● Exercise:
Find the line with "Le Content Manager est chargé" in the entries below. Repeat it, every following line, and the line with "今日の給食は、ごはん、牛乳、いものこ汁、たこのから揚げ、カミカミサラダです。", exactly and with nothing added.

● Data shown:
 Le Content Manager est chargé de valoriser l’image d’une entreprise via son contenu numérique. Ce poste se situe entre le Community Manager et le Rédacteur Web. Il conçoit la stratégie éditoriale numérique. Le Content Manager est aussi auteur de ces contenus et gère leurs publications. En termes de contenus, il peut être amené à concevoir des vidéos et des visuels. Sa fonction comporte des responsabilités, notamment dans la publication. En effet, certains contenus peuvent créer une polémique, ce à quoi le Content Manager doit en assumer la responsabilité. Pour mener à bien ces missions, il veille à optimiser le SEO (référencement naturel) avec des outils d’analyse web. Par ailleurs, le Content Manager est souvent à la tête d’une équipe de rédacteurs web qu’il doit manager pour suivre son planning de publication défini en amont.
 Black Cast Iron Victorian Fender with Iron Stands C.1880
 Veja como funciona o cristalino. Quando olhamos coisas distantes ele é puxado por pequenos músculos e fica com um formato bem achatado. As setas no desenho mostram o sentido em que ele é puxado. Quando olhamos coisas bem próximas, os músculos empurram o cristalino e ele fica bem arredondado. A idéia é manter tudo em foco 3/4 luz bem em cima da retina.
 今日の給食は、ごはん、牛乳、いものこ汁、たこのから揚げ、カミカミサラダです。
---
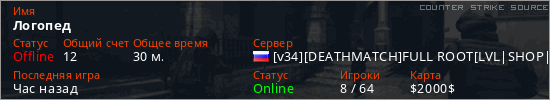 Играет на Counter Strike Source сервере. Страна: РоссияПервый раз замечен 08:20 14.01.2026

● Result below:
 Le Content Manager est chargé de valoriser l’image d’une entreprise via son contenu numérique. Ce poste se situe entre le Community Manager et le Rédacteur Web. Il conçoit la stratégie éditoriale numérique. Le Content Manager est aussi auteur de ces contenus et gère leurs publications. En termes de contenus, il peut être amené à concevoir des vidéos et des visuels. Sa fonction comporte des responsabilités, notamment dans la publication. En effet, certains contenus peuvent créer une polémique, ce à quoi le Content Manager doit en assumer la responsabilité. Pour mener à bien ces missions, il veille à optimiser le SEO (référencement naturel) avec des outils d’analyse web. Par ailleurs, le Content Manager est souvent à la tête d’une équipe de rédacteurs web qu’il doit manager pour suivre son planning de publication défini en amont.
 Black Cast Iron Victorian Fender with Iron Stands C.1880
 Veja como funciona o cristalino. Quando olhamos coisas distantes ele é puxado por pequenos músculos e fica com um formato bem achatado. As setas no desenho mostram o sentido em que ele é puxado. Quando olhamos coisas bem próximas, os músculos empurram o cristalino e ele fica bem arredondado. A idéia é manter tudo em foco 3/4 luz bem em cima da retina.
 今日の給食は、ごはん、牛乳、いものこ汁、たこのから揚げ、カミカミサラダです。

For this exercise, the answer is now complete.